The plant hormone auxin is a key regulator of multiple cellular and developmental responses in plants including cell division, expansion, and differentiation; patterning of embryos, vasculature and other tissues; and distribution of growth between primary and lateral root and shoot meristems. This multiplicity of regulatory activities has spurred considerable interest in mechanisms of auxin signaling and response. We use techniques of genetics, molecular biology, microscopy, physiology, and biochemistry to study signal transduction pathways by which auxin regulates plant development. For these studies we use the model plant Arabidopsis thaliana, which has numerous technical advantages (including a completely sequenced genome) that allow rapid experimental progress.
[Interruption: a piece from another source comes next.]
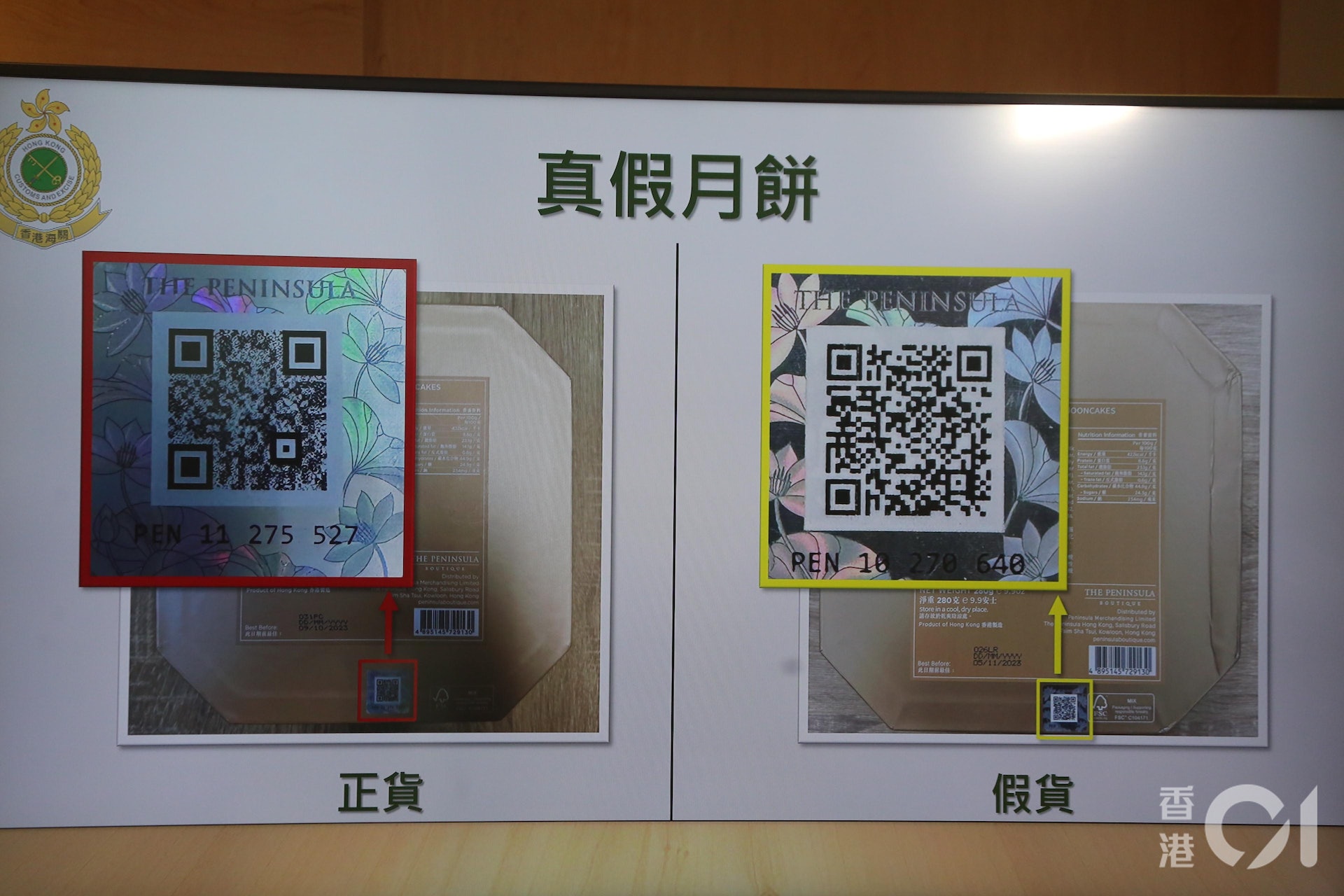 檢獲的冒牌月餅為「美心流心奶黃2023」和「半島酒店迷你奶黃月餅」,以正貨的七至九成價格銷售,主要抄襲正貨包裝盒外觀設計及註冊商標。海關形容「外觀上抄到八成似」,但市民仍可憑防偽特徵辨別真偽。

Auxin acts largely by regulating gene expression. A family of proteins called ARFs bind to promoters of auxin-responsive genes and regulate their expression, and proteins of a second family called Aux/IAA can dimerize with ARFs and also thereby affect gene expression. To reveal the roles of these proteins in development, we are characterizing phenotypes of plants with mutations in genes encoding ARF and Aux/IAA proteins. We are also using these mutants in global gene expression studies to identify regulatory targets of ARF and Aux/IAA proteins, and studying functions of these target genes by reverse genetic methods. To understand how auxin signaling pathways might regulate Aux/IAA or ARF protein function, we are studying interactions among these proteins, and their modification and stability in plant extracts under different conditions. We are exploring how environmental light signals modulate auxin signaling pathways using similar methods. A particular focus is whether auxin or light regulates turnover or some other activity of Aux/IAA proteins, and whether these proteins are modified (for example by phosphorylation) after perception of one of these signals.